▶ _PROMPT_
Print the records below exactly, from the line containing "10: Door nsf Dented Between 10mm + 30mm" down to the line containing "Volunteers are able", both lines included, and omit every picture.

▶ _RECORDS SUPPLIED_

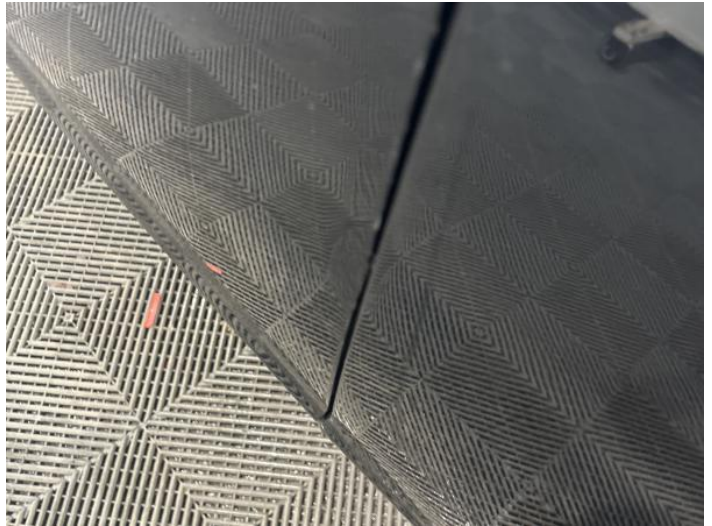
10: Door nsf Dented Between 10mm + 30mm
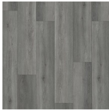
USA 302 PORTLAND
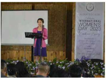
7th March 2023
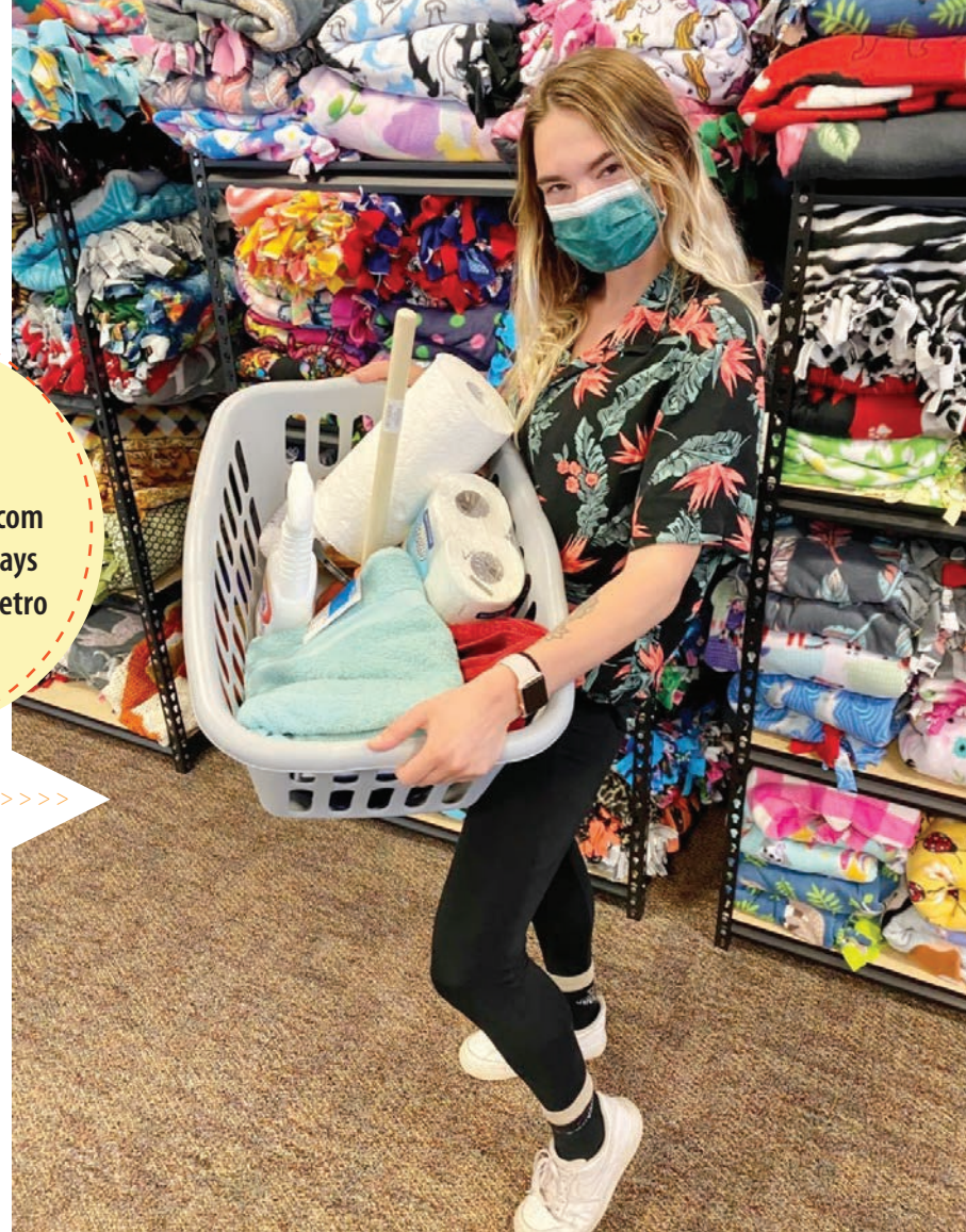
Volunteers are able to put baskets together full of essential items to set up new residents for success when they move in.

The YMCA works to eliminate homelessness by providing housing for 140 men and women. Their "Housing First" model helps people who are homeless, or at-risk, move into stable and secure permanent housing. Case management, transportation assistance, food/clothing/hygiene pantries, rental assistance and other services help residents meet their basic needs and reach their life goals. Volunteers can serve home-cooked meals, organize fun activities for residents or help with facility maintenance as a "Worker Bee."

--

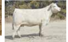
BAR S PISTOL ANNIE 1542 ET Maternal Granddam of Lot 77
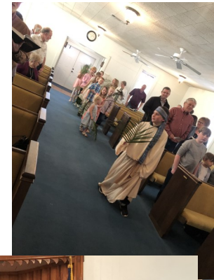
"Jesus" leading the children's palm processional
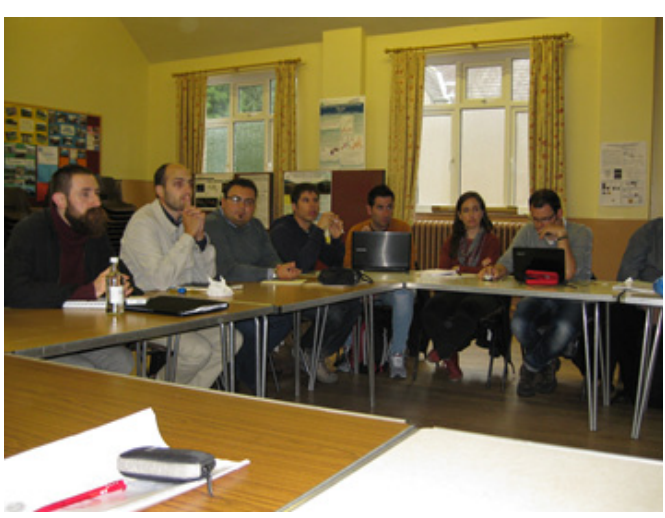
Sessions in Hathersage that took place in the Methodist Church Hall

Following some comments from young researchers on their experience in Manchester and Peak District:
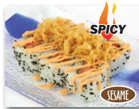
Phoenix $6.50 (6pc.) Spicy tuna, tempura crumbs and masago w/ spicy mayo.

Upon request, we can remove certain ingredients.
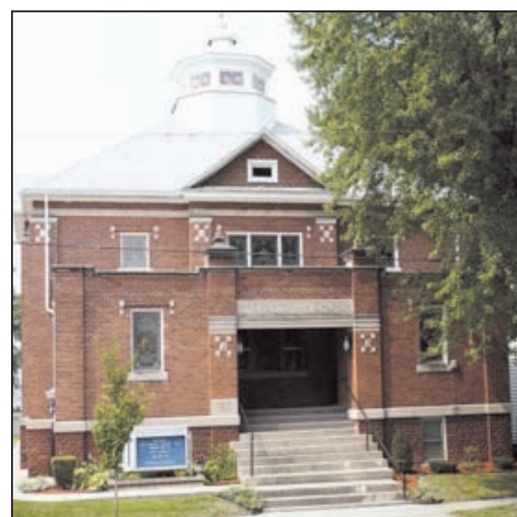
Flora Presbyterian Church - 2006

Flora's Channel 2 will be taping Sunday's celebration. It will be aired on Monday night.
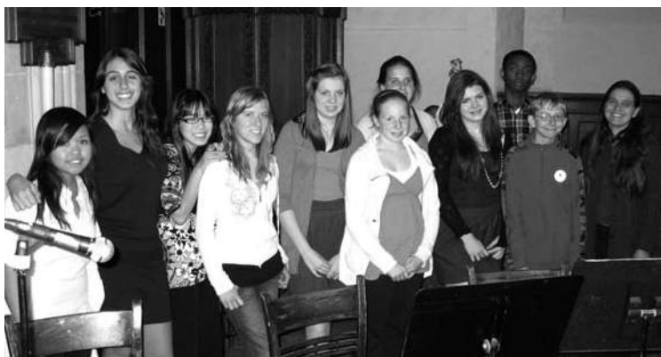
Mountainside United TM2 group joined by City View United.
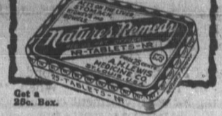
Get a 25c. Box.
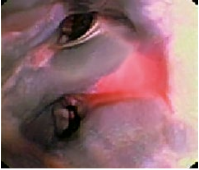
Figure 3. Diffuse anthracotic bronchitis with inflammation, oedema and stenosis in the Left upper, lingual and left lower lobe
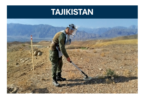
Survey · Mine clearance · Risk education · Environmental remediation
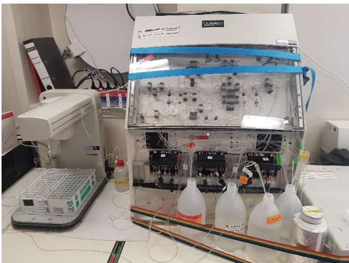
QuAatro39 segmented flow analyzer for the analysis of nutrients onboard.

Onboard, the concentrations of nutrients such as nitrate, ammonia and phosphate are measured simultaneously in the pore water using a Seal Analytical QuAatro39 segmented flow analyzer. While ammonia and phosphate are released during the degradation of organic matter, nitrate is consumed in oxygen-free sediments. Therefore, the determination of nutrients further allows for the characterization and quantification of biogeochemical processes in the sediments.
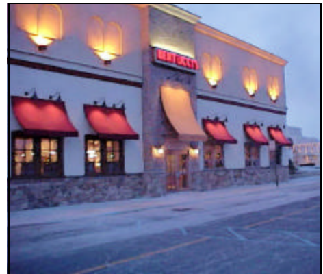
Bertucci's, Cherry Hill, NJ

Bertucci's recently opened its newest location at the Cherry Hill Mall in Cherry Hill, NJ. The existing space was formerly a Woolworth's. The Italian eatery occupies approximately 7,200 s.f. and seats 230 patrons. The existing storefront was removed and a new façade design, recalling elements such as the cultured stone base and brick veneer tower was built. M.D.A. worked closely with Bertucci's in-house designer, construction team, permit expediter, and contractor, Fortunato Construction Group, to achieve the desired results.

--

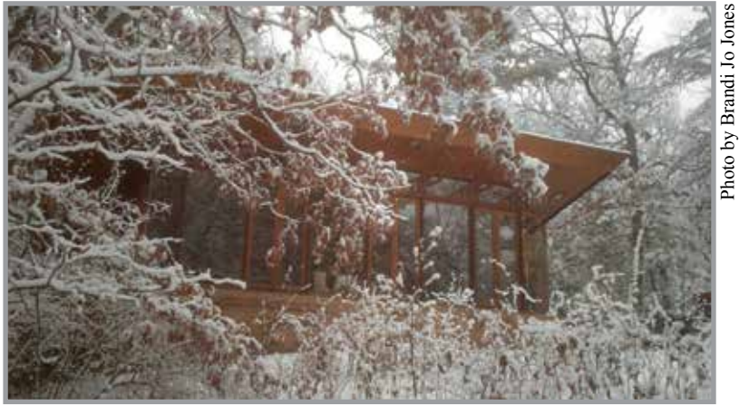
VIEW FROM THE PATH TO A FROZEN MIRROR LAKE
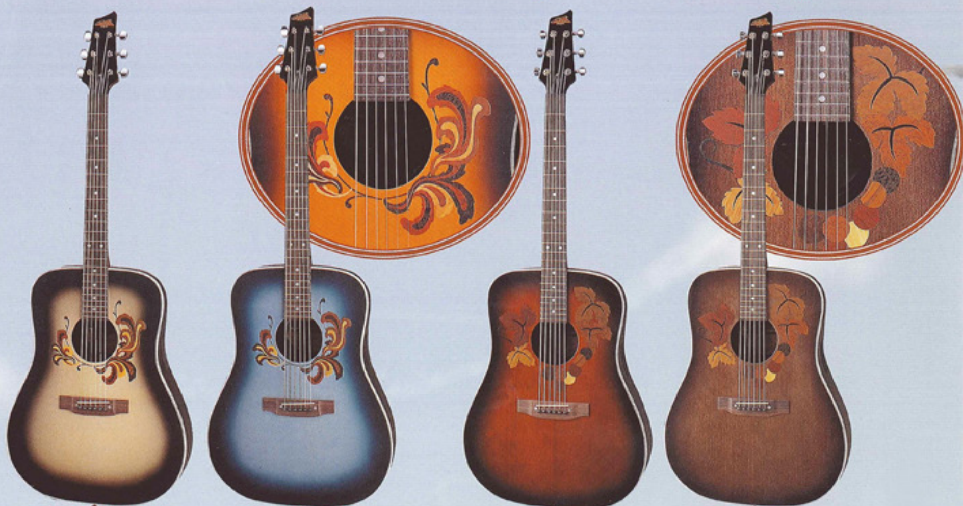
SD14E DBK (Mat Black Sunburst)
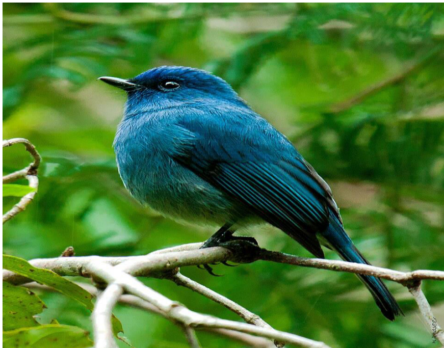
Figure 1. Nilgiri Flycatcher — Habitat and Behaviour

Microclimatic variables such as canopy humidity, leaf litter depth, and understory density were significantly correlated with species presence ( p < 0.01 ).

▶ _YOUR RESPONSE_
10: Door nsf Dented Between 10mm + 30mm
USA 302 PORTLAND
7th March 2023
Volunteers are able to put baskets together full of essential items to set up new residents for success when they move in.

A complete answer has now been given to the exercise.